_What you have to do_:
Copy the lines below as they are; omit the images they contain.

_Source material_:

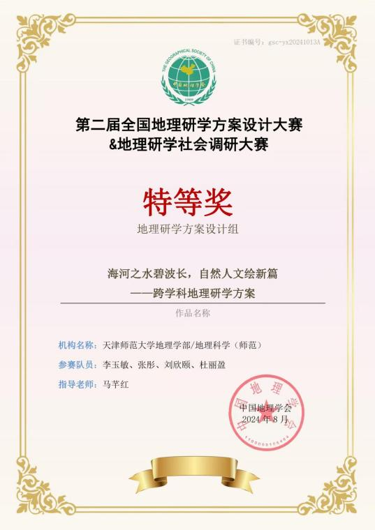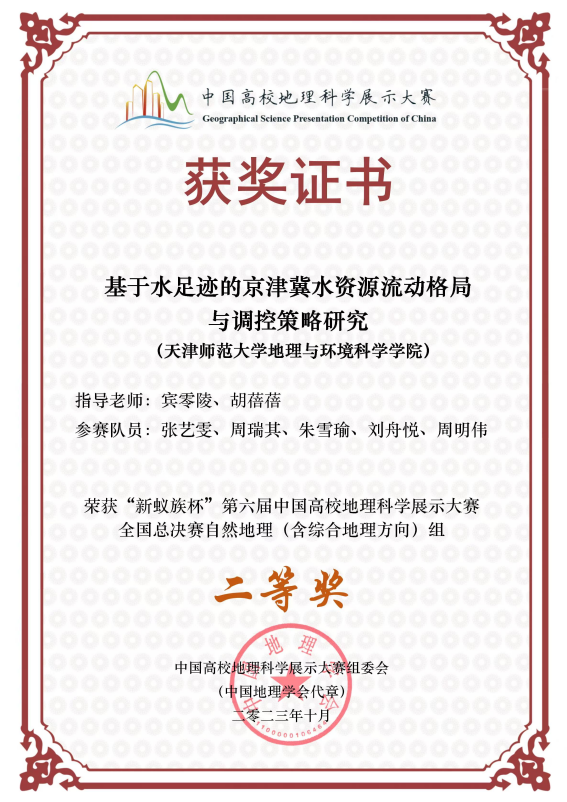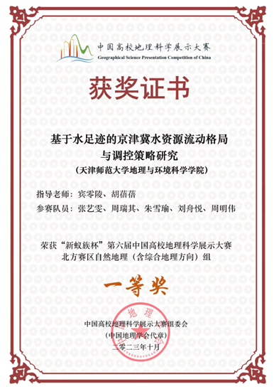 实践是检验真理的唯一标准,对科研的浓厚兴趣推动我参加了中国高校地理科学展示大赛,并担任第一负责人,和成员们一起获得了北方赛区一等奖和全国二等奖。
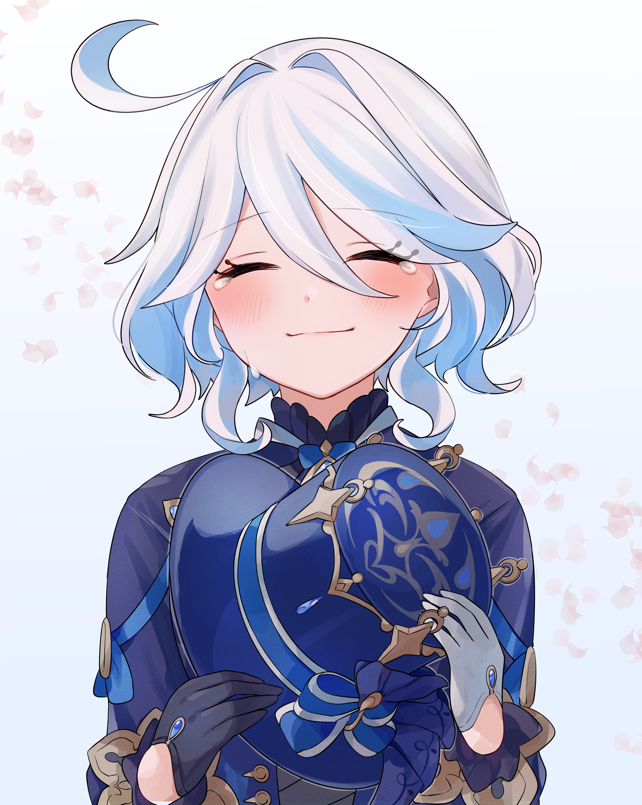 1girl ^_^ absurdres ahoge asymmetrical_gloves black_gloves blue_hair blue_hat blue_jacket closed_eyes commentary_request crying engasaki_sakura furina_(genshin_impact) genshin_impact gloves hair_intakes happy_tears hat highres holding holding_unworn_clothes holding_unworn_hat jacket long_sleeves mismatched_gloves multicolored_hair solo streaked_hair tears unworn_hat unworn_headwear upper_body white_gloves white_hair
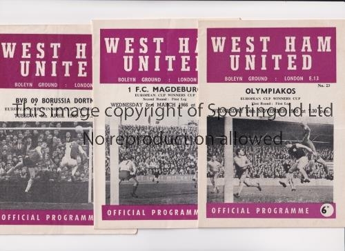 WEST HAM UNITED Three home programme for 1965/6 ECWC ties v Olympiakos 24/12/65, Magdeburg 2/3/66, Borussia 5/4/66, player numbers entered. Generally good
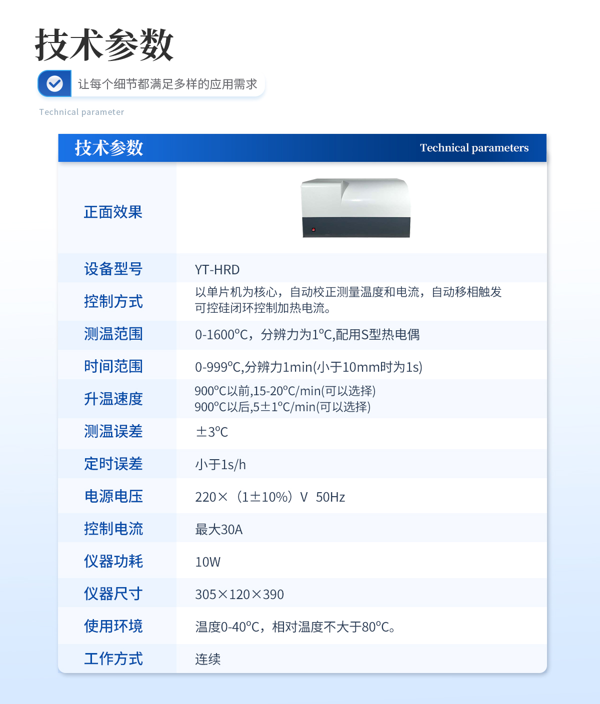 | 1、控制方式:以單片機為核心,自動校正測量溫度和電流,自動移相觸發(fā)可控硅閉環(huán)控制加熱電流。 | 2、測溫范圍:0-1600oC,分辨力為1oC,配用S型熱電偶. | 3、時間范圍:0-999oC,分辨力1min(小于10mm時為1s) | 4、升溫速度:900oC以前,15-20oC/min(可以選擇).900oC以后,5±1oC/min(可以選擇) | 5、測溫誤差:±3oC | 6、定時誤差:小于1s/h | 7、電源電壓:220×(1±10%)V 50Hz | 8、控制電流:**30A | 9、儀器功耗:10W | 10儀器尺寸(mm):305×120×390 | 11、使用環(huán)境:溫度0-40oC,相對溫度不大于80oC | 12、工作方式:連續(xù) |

_Solution_:
 实践是检验真理的唯一标准,对科研的浓厚兴趣推动我参加了中国高校地理科学展示大赛,并担任第一负责人,和成员们一起获得了北方赛区一等奖和全国二等奖。
 1girl ^_^ absurdres ahoge asymmetrical_gloves black_gloves blue_hair blue_hat blue_jacket closed_eyes commentary_request crying engasaki_sakura furina_(genshin_impact) genshin_impact gloves hair_intakes happy_tears hat highres holding holding_unworn_clothes holding_unworn_hat jacket long_sleeves mismatched_gloves multicolored_hair solo streaked_hair tears unworn_hat unworn_headwear upper_body white_gloves white_hair
 WEST HAM UNITED Three home programme for 1965/6 ECWC ties v Olympiakos 24/12/65, Magdeburg 2/3/66, Borussia 5/4/66, player numbers entered. Generally good
 | 1、控制方式:以單片機為核心,自動校正測量溫度和電流,自動移相觸發(fā)可控硅閉環(huán)控制加熱電流。 | 2、測溫范圍:0-1600oC,分辨力為1oC,配用S型熱電偶. | 3、時間范圍:0-999oC,分辨力1min(小于10mm時為1s) | 4、升溫速度:900oC以前,15-20oC/min(可以選擇).900oC以后,5±1oC/min(可以選擇) | 5、測溫誤差:±3oC | 6、定時誤差:小于1s/h | 7、電源電壓:220×(1±10%)V 50Hz | 8、控制電流:**30A | 9、儀器功耗:10W | 10儀器尺寸(mm):305×120×390 | 11、使用環(huán)境:溫度0-40oC,相對溫度不大于80oC | 12、工作方式:連續(xù) |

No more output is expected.